Oleg Ponomarev is a freelance photographer based in Saint Petersburg, Russia. He works on long-term projects focusing on social issues in contemporary Russia, and ethnographic projects on Russia’s minority ethnic groups, particularly those in danger of disappearing.
Ponomarev has won several international photography awards and his work has been published in National Geographic Russia, Russian Reporter, and Novaya gazeta amongst others. Photograph/Tatiana Ostrovskaya

The Transition: Ignat: Ignat was bullied throughout his school years, and confronted by the school psychologist following rumours that he spoke about himself using the masculine gender. Ignat opened up to the psychologist about his gender identity—the first stranger to whom he had told everything—but asked to keep it a secret. The whole school found out, and the insults and humiliations became permanent. Many LGBTQ+ people in Russia keep low profiles because of stigmatisation against nontraditional sexuality. An amendment to the Russian constitution, made in July 2020, stipulates that marriage is a union between a man and a woman, with no other options possible. Although an attempt was made to make a further amendment preventing transgender people from changing their status on legal documents, it was not passed. Transgender people can marry, but the road there is difficult. Transgender people also face very specific challenges when accessing their economic, social, and cultural rights, as their gender is not legally recognised. This results in transgender people having no access to transition-related healthcare services, or official support against discrimination.

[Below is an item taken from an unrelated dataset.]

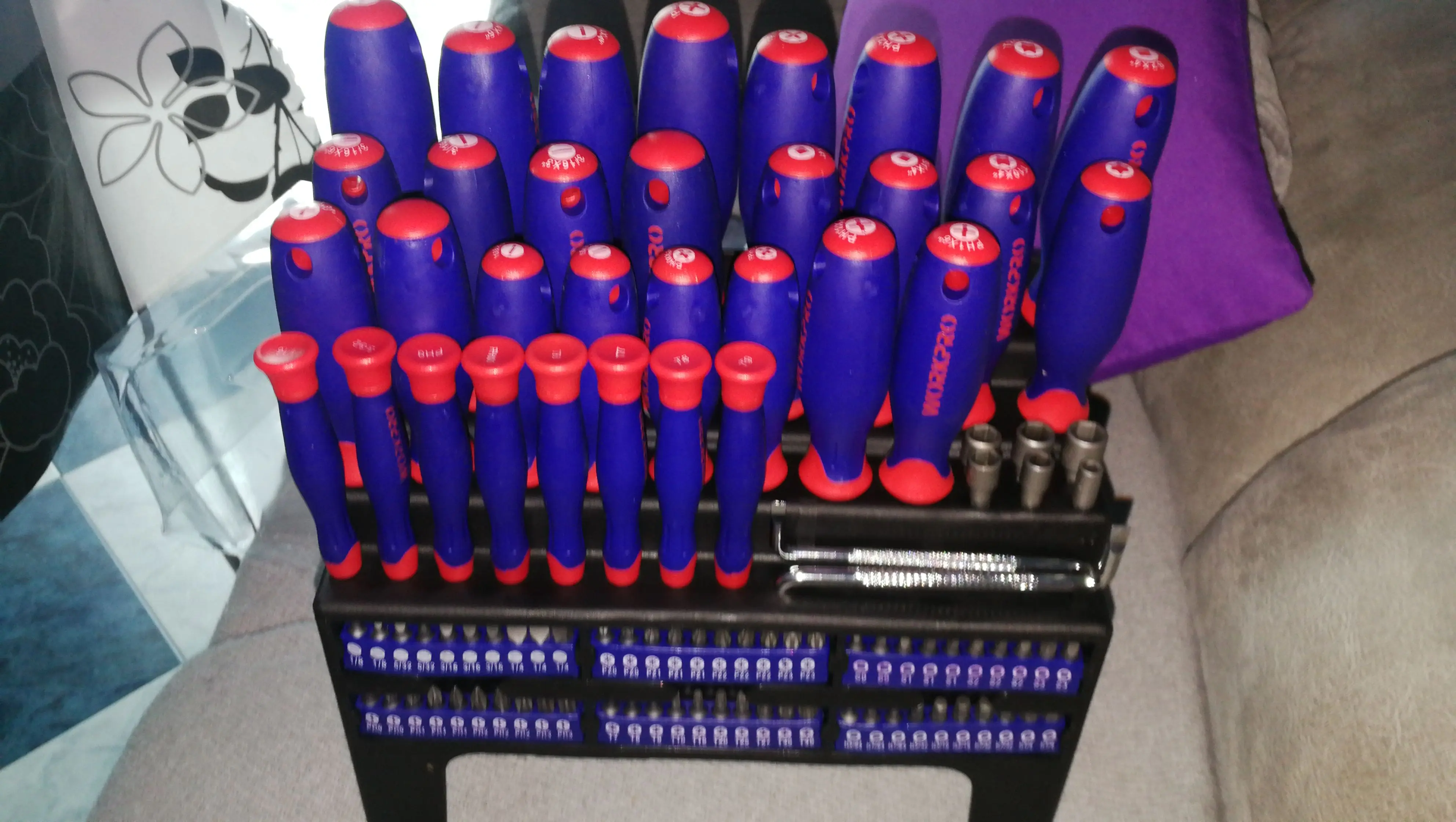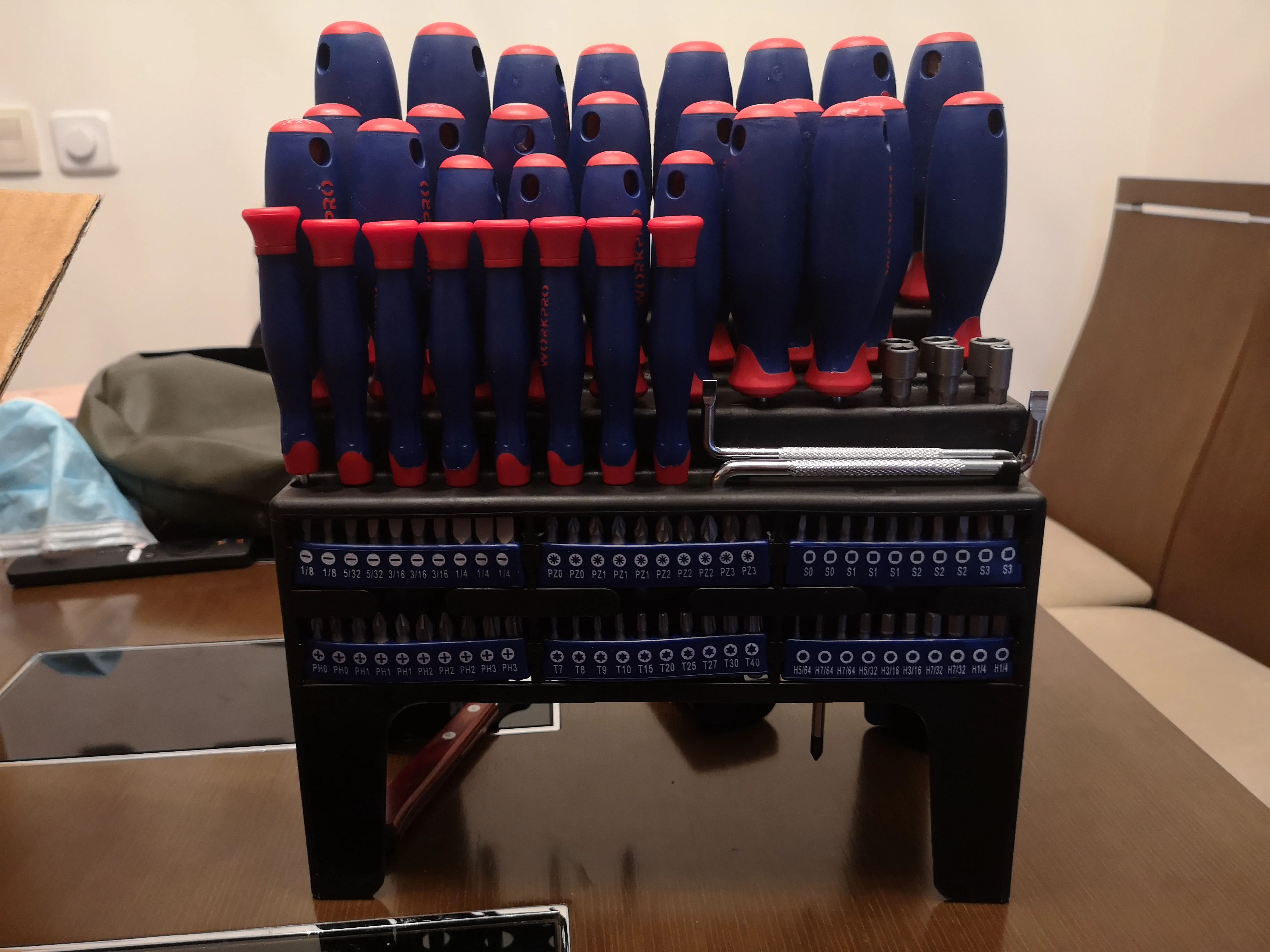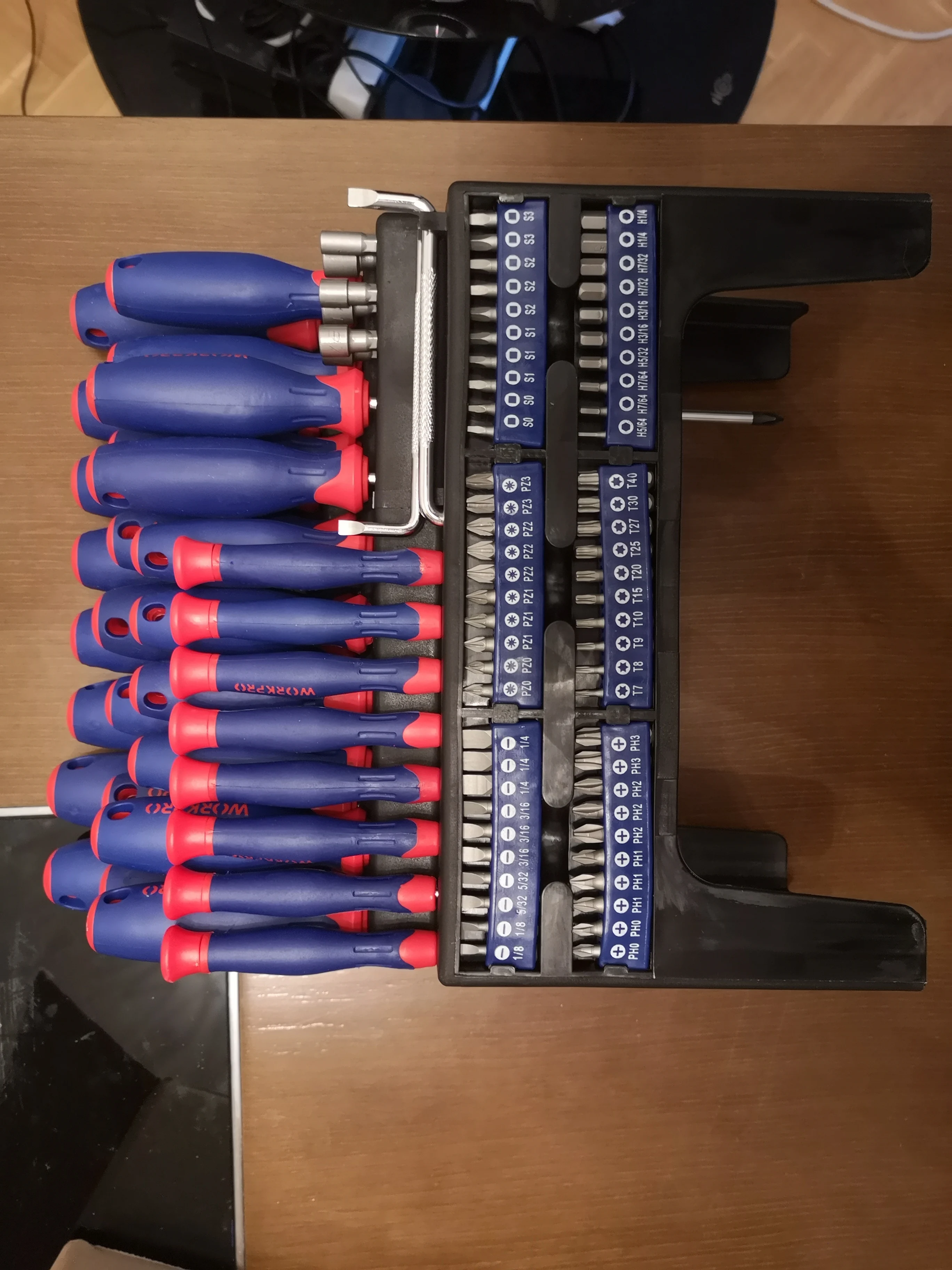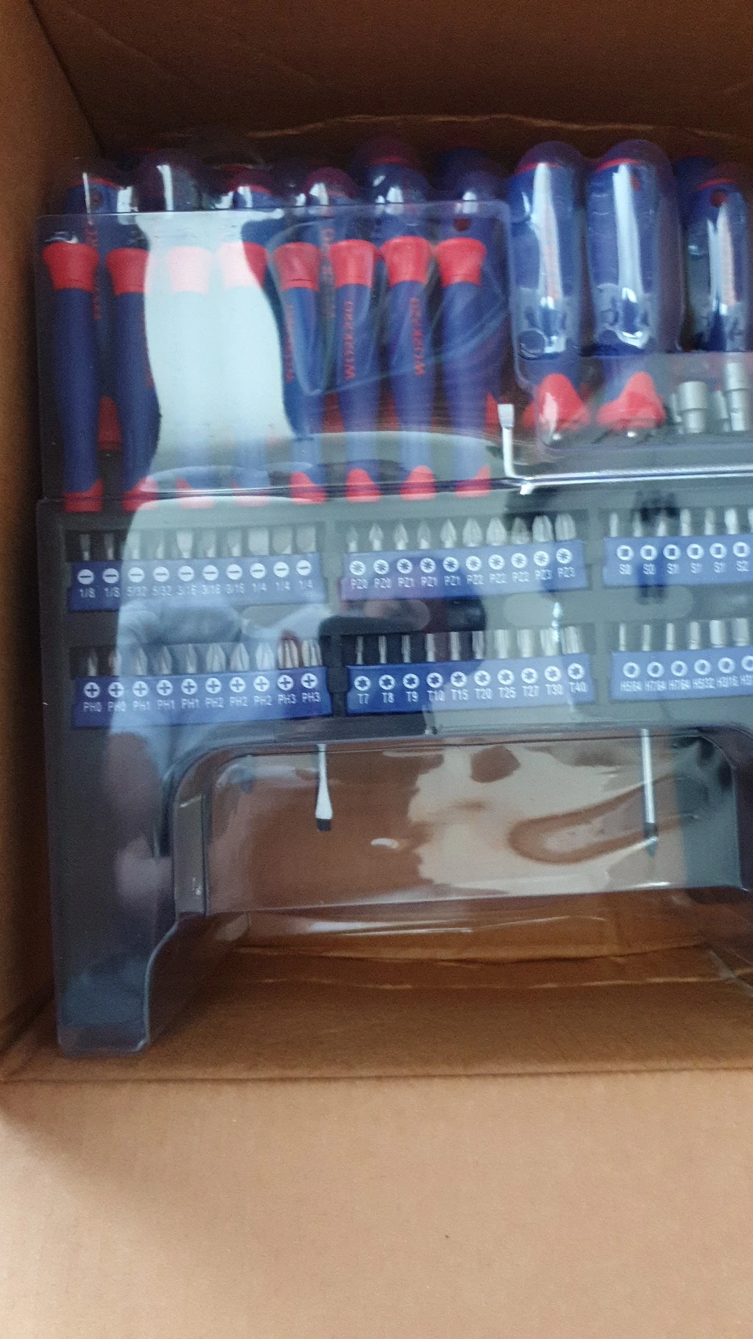 Отличная упаковка. Количество отверток, отличная подставка, чтобы положить на стол, повесить или как вам подходит Советы очень удобны, и ничего не хватает. За 20 евро, не хит! Кроме того, товар прибыл менее чем за 2 недели!

Azat Gevorkyan and his wife Anaik are pictured before leaving their home on 28 November 2020 in Lachin, Nagorno-Karabakh, the final district to be returned to Azerbaijani control following the second Nagorno-Karabakh War.

Valery Melnikov, Russia, Sputnik

Valery Melnikov is a documentary photographer based in Moscow. For ten years he was a staff photographer for Kommersant publishing house and since 2009 for international news agency Rossiya Segodnya. Melnikov’s work focuses on documenting the political and social life of societies in conflict and includes coverage of the Chechen war, the conflict between Georgia and South Ossetia, the 2006 Lebanese war, the uprising of the Mali Republic and the Syrian civil war. Photograph/Alexandra Anikeeva

Paradise Lost: Conflict between Azerbaijan and Armenia over the disputed region of Nagorno-Karabakh resumed in September, after a lull of 30 years. When the Soviet Union was crumbling at the end of the 1980s, ethnic Armenians in Nagorno-Karabakh, part of Azerbaijan, took advantage of the power vacuum and voted to join Armenia. Fighting intensified after the Soviet Union finally dissolved in 1991, and continued until a ceasefire in 1994. More than 20,000 people died and a million people, both Armenian and Azerbaijani, had to leave their homes. Victorious Armenians declared an independent state. In the intervening 30 years, little has been done to resolve the status of Nagorno-Karabakh and there have been periodic military clashes between the two sides. A July 2020 border clash triggered massive protests in Azerbaijan’s capital, Baku, with thousands of demonstrators calling for the country to go to war with Armenia. Renewed hostilities, which each side blames the other for starting, began on 27 September in what became known as the Second Nagorno-Karabakh War. Conflict continued until 9 November, the worst fighting the area had seen since the 1990s. In a settlement brokered by Russia, Azerbaijan regained possession of territory lost in the 1990s, but the regional capital, Stepanakert, was left under Armenian control. Although fighting is over, reconciliation will prove difficult both to Armenians who feel they have lost their homeland and are now displaced and to Azerbaijanis returning to a region ravaged by war.